Attendance: Who Is Present?
The president of a New York cultural foundation tells me that at a recent board meeting one of her members had spent the time consumed with a stream of images on his iPad. The board member seated next to him had been mesmerized, watching him shop online for a new car.
We all attend meetings during which we multitask and our minds are elsewhere. It turns out to be a stressful elsewhere. The multitasking life puts us into a state similar to vigilance, one of continual alert. In that condition, we can follow only the most rudimentary arguments. So multitasking encourages brevity and simplicity, even when more is called for. And the harm that multitasking does is contagious. We’ve seen that someone multitasking on a laptop distracts everyone around the machine, not just the person using it.

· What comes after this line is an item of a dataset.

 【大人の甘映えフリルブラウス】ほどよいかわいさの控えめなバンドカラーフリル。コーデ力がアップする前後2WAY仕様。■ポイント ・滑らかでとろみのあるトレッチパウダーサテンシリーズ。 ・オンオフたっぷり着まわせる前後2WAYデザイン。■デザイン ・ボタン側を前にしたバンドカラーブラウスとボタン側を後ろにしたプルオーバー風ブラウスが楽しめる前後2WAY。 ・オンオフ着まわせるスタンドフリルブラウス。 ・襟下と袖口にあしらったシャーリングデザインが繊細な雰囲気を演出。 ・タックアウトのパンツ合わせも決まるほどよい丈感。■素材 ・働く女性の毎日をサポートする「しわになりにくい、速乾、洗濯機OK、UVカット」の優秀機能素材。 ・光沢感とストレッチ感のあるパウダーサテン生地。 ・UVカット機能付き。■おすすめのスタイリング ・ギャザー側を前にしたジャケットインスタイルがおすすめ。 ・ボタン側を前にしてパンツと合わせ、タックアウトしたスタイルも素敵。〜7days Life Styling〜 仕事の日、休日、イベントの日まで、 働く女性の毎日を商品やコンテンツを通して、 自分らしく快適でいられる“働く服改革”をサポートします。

And we still call them meetings, after all. I get together with the director and production staff of the Seahorse, a small mid-Atlantic theater company. As we begin, with seven of us at the table, Claire Messing, the director, realizes that her phone is vibrating. She blushes but says, “I’m not sure I can continue until I deal with this.” We had gathered to discuss how technology affects the work of the theater. It has taken us months to coordinate our schedules. And now, we are finally together, all staring at Messing’s phone.

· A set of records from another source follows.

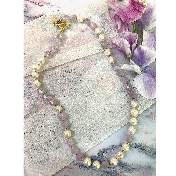 This handmade necklace is made of amethyst and freshwater pearls with Japan golden plated brass findings.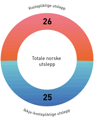 Figur 2.6 viser fordelinga av kvotepliktige og ikkje-kvotepliktige utslepp. Om lag halvparten av utsleppa er kvotepliktige. Av dei totale utsleppa i 2019 var det 24,6 millionar tonn som var ikkje-kvotepliktige. Dei kvotepliktige utsleppa kjem i hovudsak frå industri og olje- og gassutvinning. I tillegg er det nokre kvotepliktige utslepp frå energiforsyning og luftfart. Dei største kjeldene til ikkje-kvotepliktige utslepp er vegtrafikk, annan transport og jordbruk. I tillegg er det nokre ikkje-kvotepliktige utslepp frå f-gassar, petroleum, industri og andre kjelder, slik som bygg.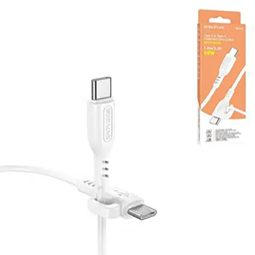 Кабель сетевой Type-C - Type-C " Borofone " BX91 белый, круглый, 1м, 3,0А, PD60W, силикон

At the Seahorse, it is standard practice to bring phones and laptops to staff meetings. Messing encourages this in the hope that technology will allow her staff “to stretch their time together.” So, during a staff meeting, one person might be online to review budget numbers and another might scan job applications from lighting designers. Messing’s idea is that if something important comes up online, the group can discuss it “live” while they are all in the room together.
But the strategy does not work. Once laptops are open, there is the temptation
to look at email and attend to urgent messages. The director of education says that the meetings-with-devices make it almost impossible for her not to “cheat,” by which she means that she reads her email while others are talking. “So at a meeting, I’m not as present because I’m always cheating a little bit.” These are meetings that give the illusion of collaboration with all the drawbacks of distraction.

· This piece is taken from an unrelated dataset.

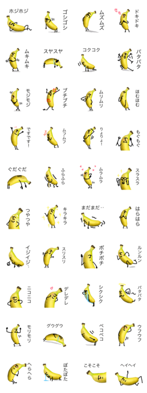 バナナキャラクターのバナナマン、シンプルな表現のみに特化しています。アフロ・モ・愛三 より発売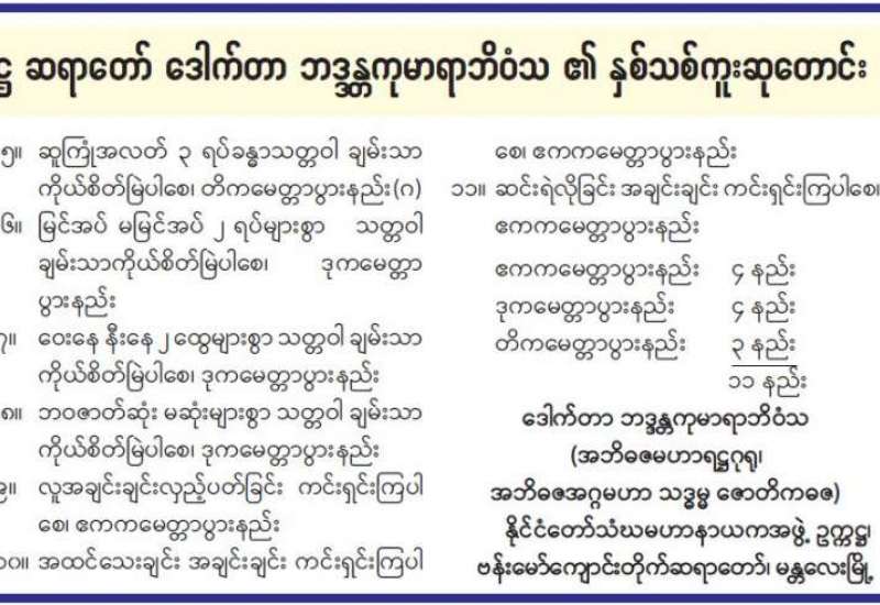 နေပြည်တော် ပြည်သူ့ဆေးရုံကြီး ခုတင်(၁၀၀၀) အစည်းအဝေးခန်းမဆောင်-၂ ၌၂၀၂၀-၂၀၂၁ ပညာသင်နှစ် အကူသူနာပြု (ပြင်ပ) ကိုးလသင်တန်းဆင်းပွဲ အခမ်းအနားကို ယနေ့ နံနက်ပိုင်းက ကျင်းပသည်။

Messing describes the irony: “Even though we’re in the business of creating live performance, we don’t take advantage of our time with each other to have a conversation with each other.” She imagined that technology-enhanced meetings would multiply productivity, but everyone goes off in a different direction.
Messing had another idea for how to use technology to multiply productivity: The staff would prepare for meetings by reading materials in Dropbox, a file-sharing application. Messing leaves them scripts, biographies of potential actors, and financial reports. To begin with, her staff thought this was a good idea, but soon they were all leaving materials in Dropbox. Everyone agrees that Dropbox has encouraged magical thinking: If it is in Dropbox, it has been read. “Dropbox,” says the publicity director, “creates the fantasy that some of the work of a meeting has already been done.” But it hasn’t been done. The publicity director says that she herself comes to meetings exhausted from trying and failing to read what’s in her Dropbox. It’s come to the point where she resents being asked to brainstorm at meetings. “I can’t brainstorm . . . I’m too exhausted to brainstorm.”
Another Meeting That Is Not Quite a Meeting
Alice Rattan, a manager at ReadyLearn, is teaching the business value of unitasking. She is no longer surprised that her young consultants want to multitask during meetings. They grew up on it; they have to learn better ways. But she is always surprised that her clients want to multitask when their accounts are being discussed. And they want her to multitask as well. Rattan explains that clients expect quick turnaround on matters that she should take time to think through. She has to teach them that she intends to work for them with the attention that their problems deserve.